“Universal Basic Income. For and Against”
by Antony Sammeroff
Foreword by Robert P. Murphy, PhD
Afterword by Dominic Frisby
With the accelerating onset of automation, the loss of manufacturing jobs in the west, a spiralling rise in income inequality, and the obvious failure of our welfare systems to provide those at the bottom of the economic ladder with a clear path out of poverty, many people are looking for alternative approaches to meeting people’s needs and guaranteeing every person with a dignified standard of living.
Most prominent among these approaches is the Universal Basic Income (UBI) or Basic Income Guarantee (BIG). The idea is simple. Each and every citizen will be entitled to a sum of money from the government – regardless of their income or occupation. Not a huge sum of money, but enough to ensure that their basic needs were met and that they wouldn’t go hungry.

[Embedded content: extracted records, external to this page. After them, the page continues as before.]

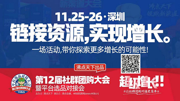 11.25至26号,深圳第12届社群团购大会暨平台选品对接会,想要快速链接资源,想要学习实战经验,想要获得高速增长的你,一定要来!
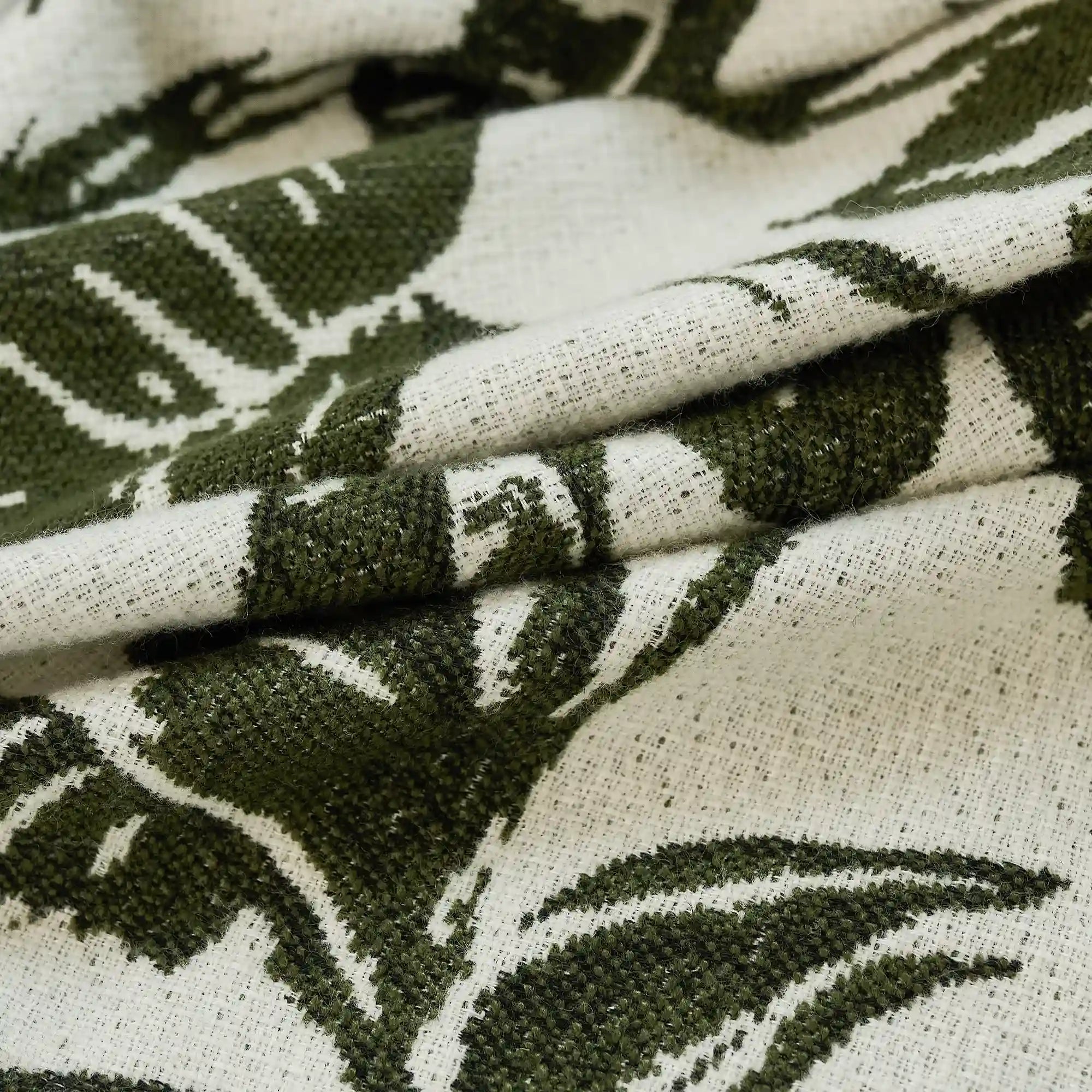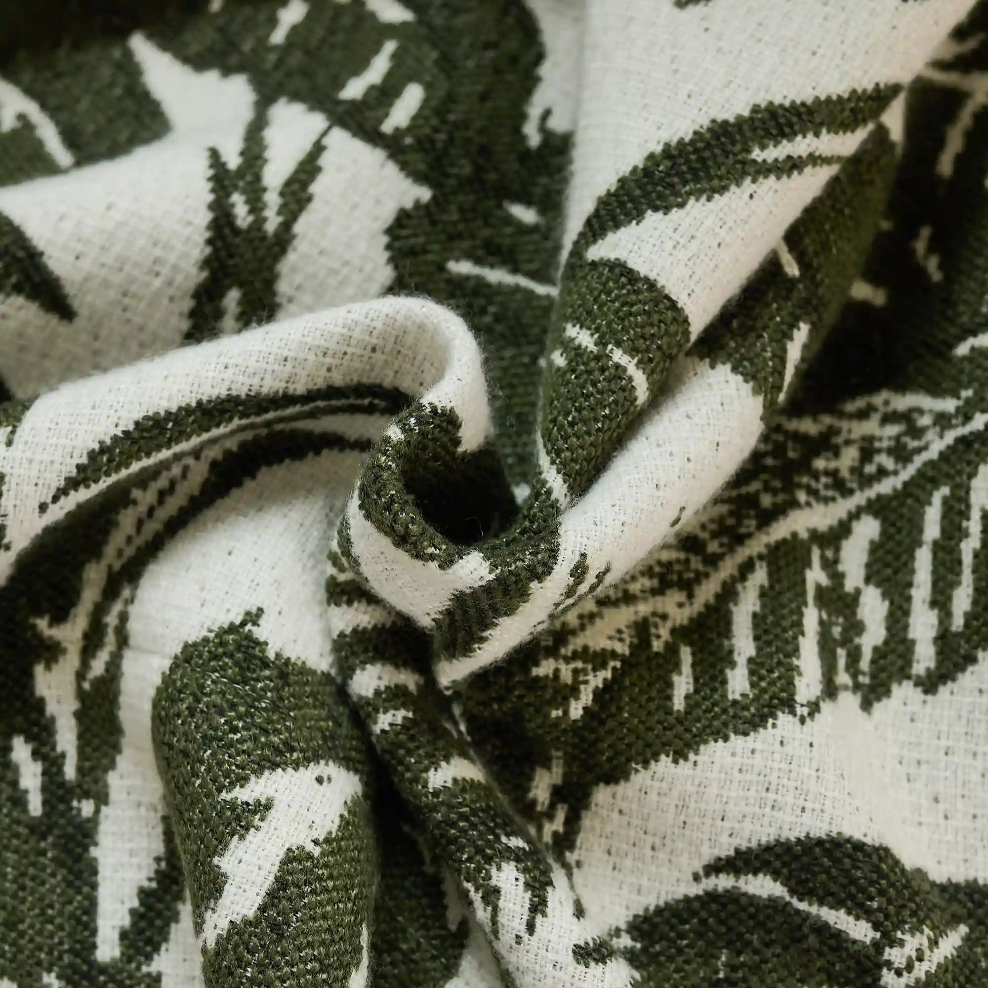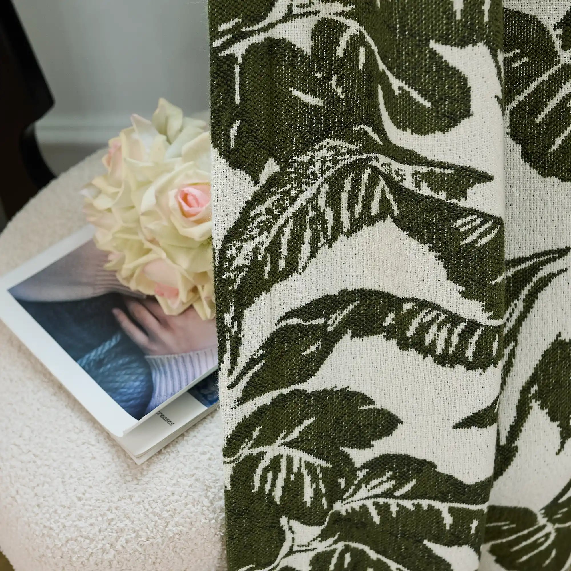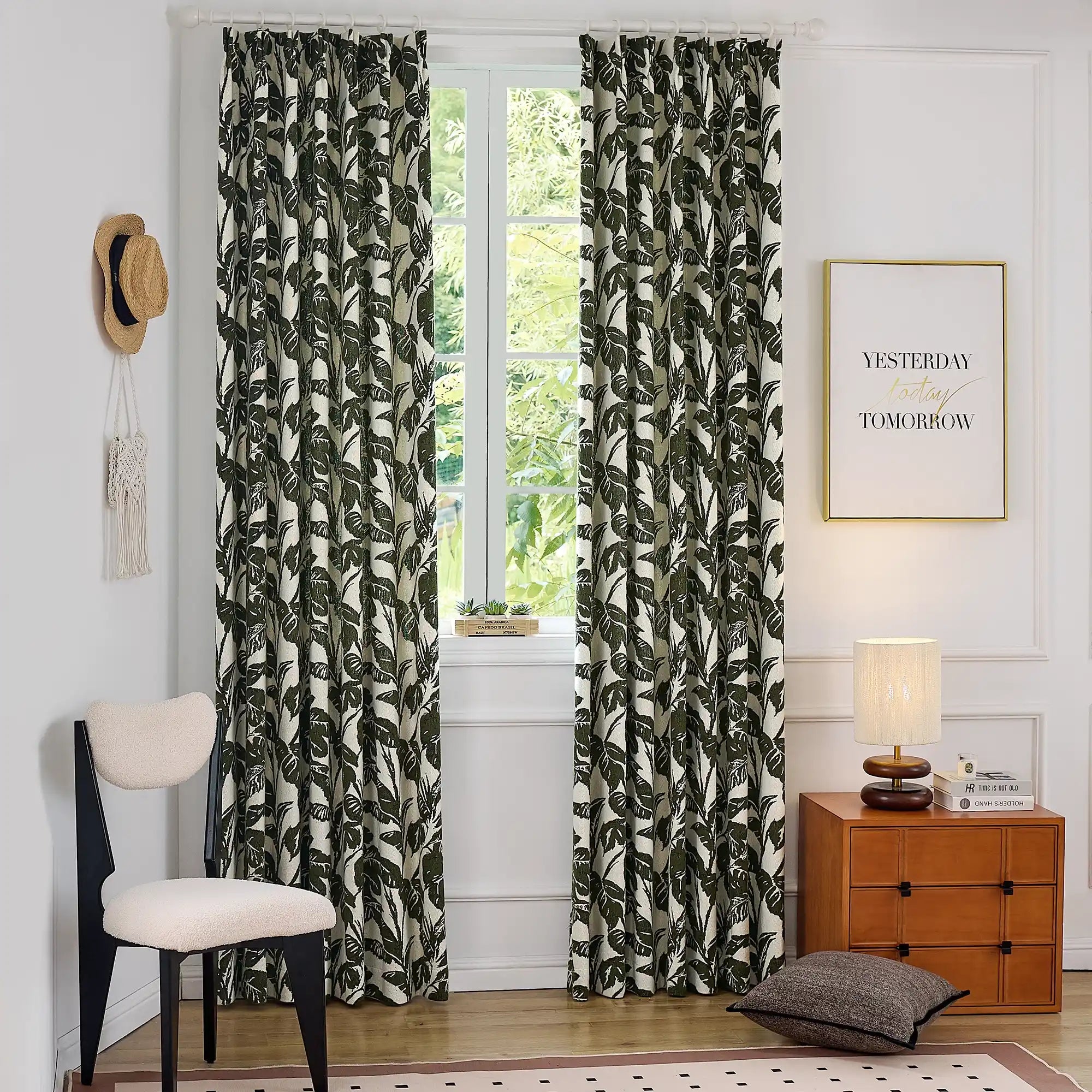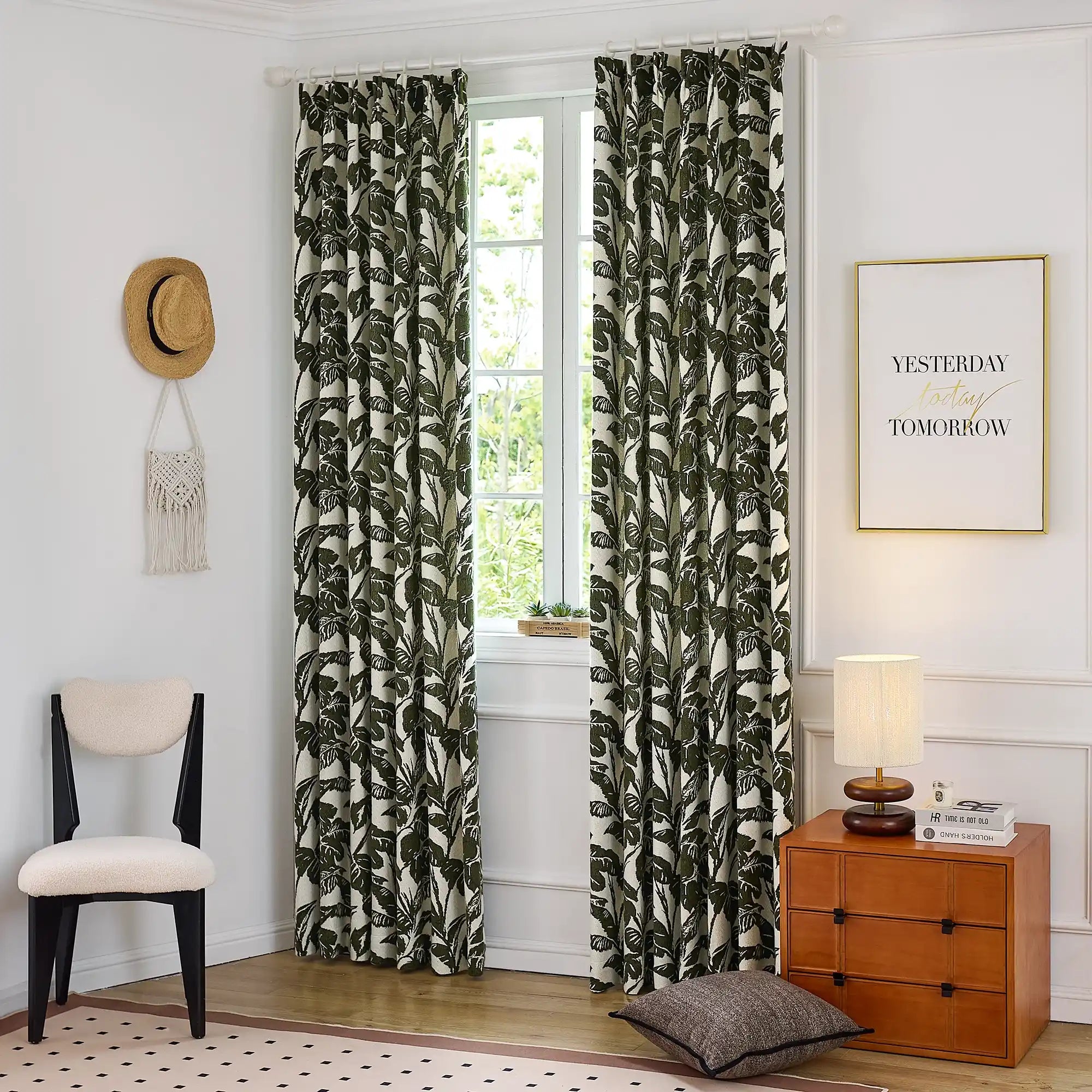 Eirlys Deep Green Tropical Leaves Jacquard Chenille Drapes
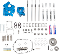 All parts in each kit are matched to ensure superior quality, fit, finish and performance, Oil pump and cam plate are precision-machined from billet aluminum with a blue anodized finish, Passage plugs removable for servicing, Independent scavenge sections for the flywheel cavity and cam chest, Debris screens in both scavenge pickups, Increased oil flow capacity on both the feed and scavenge sides, Adjustable Pressure Relief Valve is adjustable with unit installed in engine, Magnet in cam chest to help to stop debris from entering oil pump, S&S Quickee Pushrods with finished pushrod tubes, S&S premium tappets, Billet aluminum tappet cuffs have a hard-anodized black coating and are stronger than stock to eliminate distortion, Improved tappet stability in high-lift and high-rpm situations, Provides improved cam timing accuracy and eliminates the stock cam chain tensioner, Includes outer drive gears, all gaskets, bearings, and hardware required for a complete installation, Made in the USA
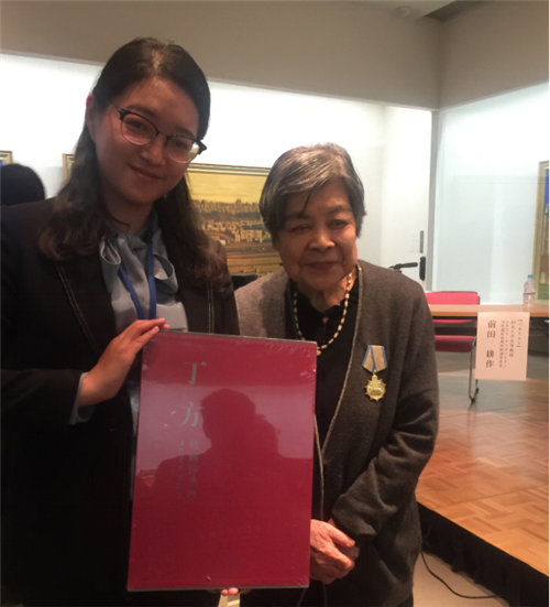 将丁方经理作品集赠送给平山郁夫夫人平山美知子,其刚刚荣获阿富汗方面颁发的荣誉勋章
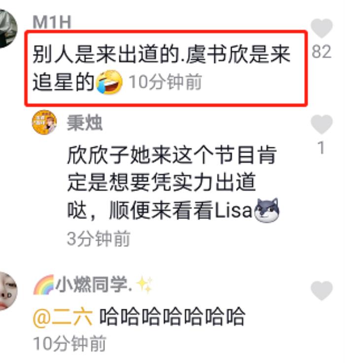 对此,网友纷纷评论道“虞书欣应该是追星追得最成功的一个吧?”“因为只有欣欣子对Lisa说了买米当卡叭”“我的欣欣宝贝太可爱了”“虞书欣:四舍五入我和Lisa一起睡觉了”“爬过去可还行”“别人是来出道的,虞书欣是来追星的”。
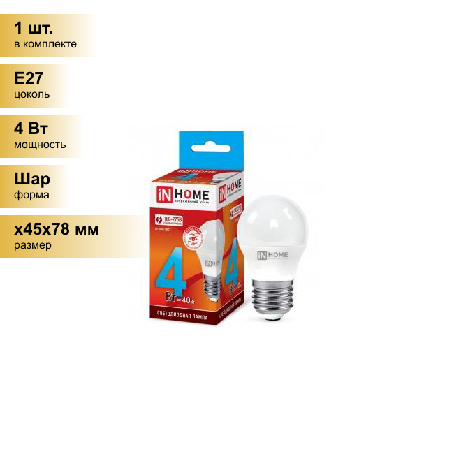 Светодиодная LED лампа IN HOME LED-ШАР-VC 4Вт 230В Е27 4000К 360Лм 4690612030593
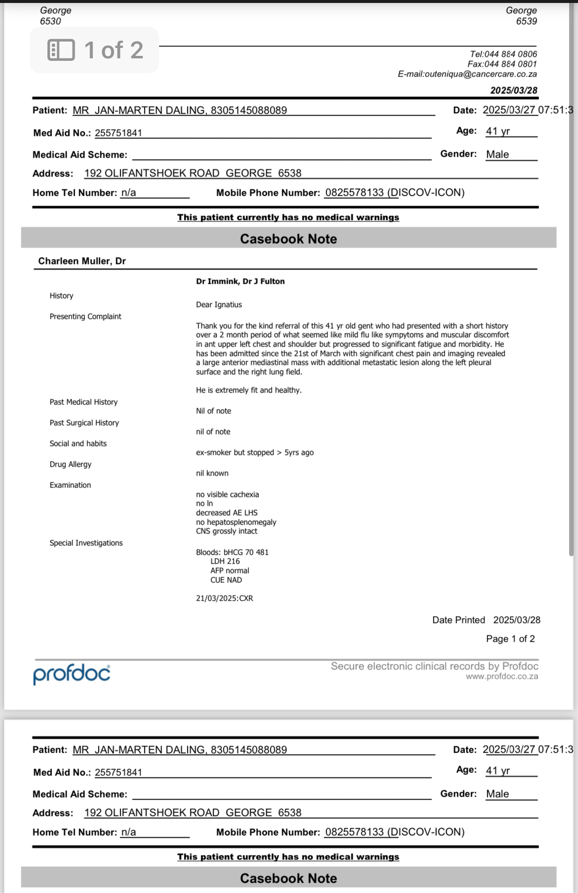 - March 28 - Dr Muller Consultation - Detailed clinical assessment
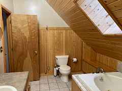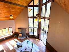 Large home near Kettle Falls and Lake Roosevelt. This 5 bed 3 bath home is tucked amongst the trees w/a prow-front to take in the view and the yard from the large windows and deck. There is a large living-room w/a 2 story vaulted ceiling, wood details, gas stove, a bay sitting-window and easy access kitchen. You will like the main-floor bed, bath and laundry but also enjoy that there is primary suite, bath and adjacent sitting-room on the upper floor w/an office or nursery near. The basement offers 2 more bedrooms, bathroom, family room and storage w/an outside exit. There is FA gas heat, A/C, city water, tile roof, wood siding, easy access and ample parking. There is a large garage/shop w/a wood stove, a back deck, hot tub, spk sys and fenced yard. The home is near the Marina and Park.

Advocates on the left claim it would close the poverty trap where people are deterred from joining the workforce by the potential loss of their benefits, while freeing people from the capitalist mindset where our only role is to produce something that others can consume so that we can consume things that others produce. Advocates on the right claim it will save the market economy from socialism and central planning, while removing the disincentive to work provided by the current welfare state and reduce bureaucracy and government waste by simplifying the complex array of benefits to one single payment.
In this original take on the Universal Basic Income scheme, economist and self-help guru Antony Sammeroff explores the pros and cons of The Basic Income Guarantee and launching into a radical exploration of how we could reform our society to meet everyone’s needs and help them reach their grander aspirations.